Your assignment:
Output, word for word, the span of lines that starts at the one containing "Życzenia Komendanta Powiatowego" and ends at the last line of the records.

Extracted data entries:
====

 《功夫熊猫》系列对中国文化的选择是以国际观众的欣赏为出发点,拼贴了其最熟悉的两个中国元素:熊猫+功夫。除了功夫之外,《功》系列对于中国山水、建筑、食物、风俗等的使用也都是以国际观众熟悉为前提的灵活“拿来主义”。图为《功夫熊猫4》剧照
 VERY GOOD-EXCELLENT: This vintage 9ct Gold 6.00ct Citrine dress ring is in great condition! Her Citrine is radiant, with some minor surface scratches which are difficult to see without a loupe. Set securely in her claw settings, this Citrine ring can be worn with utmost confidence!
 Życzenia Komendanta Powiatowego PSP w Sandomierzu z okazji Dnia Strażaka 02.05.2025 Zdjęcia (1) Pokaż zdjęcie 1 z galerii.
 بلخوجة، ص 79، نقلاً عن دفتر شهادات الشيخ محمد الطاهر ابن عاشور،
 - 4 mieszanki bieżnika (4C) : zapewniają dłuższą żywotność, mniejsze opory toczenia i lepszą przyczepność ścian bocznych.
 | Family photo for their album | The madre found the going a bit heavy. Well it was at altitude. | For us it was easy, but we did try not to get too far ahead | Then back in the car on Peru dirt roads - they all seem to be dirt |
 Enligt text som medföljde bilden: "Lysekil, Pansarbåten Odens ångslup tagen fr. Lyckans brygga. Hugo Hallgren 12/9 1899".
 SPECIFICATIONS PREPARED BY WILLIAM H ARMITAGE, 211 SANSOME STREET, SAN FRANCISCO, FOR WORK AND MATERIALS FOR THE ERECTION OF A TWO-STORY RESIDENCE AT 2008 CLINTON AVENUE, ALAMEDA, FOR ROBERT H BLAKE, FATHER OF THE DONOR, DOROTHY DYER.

====

Output for this task:
 Życzenia Komendanta Powiatowego PSP w Sandomierzu z okazji Dnia Strażaka 02.05.2025 Zdjęcia (1) Pokaż zdjęcie 1 z galerii.
 بلخوجة، ص 79، نقلاً عن دفتر شهادات الشيخ محمد الطاهر ابن عاشور،
 - 4 mieszanki bieżnika (4C) : zapewniają dłuższą żywotność, mniejsze opory toczenia i lepszą przyczepność ścian bocznych.
 | Family photo for their album | The madre found the going a bit heavy. Well it was at altitude. | For us it was easy, but we did try not to get too far ahead | Then back in the car on Peru dirt roads - they all seem to be dirt |
 Enligt text som medföljde bilden: "Lysekil, Pansarbåten Odens ångslup tagen fr. Lyckans brygga. Hugo Hallgren 12/9 1899".
 SPECIFICATIONS PREPARED BY WILLIAM H ARMITAGE, 211 SANSOME STREET, SAN FRANCISCO, FOR WORK AND MATERIALS FOR THE ERECTION OF A TWO-STORY RESIDENCE AT 2008 CLINTON AVENUE, ALAMEDA, FOR ROBERT H BLAKE, FATHER OF THE DONOR, DOROTHY DYER.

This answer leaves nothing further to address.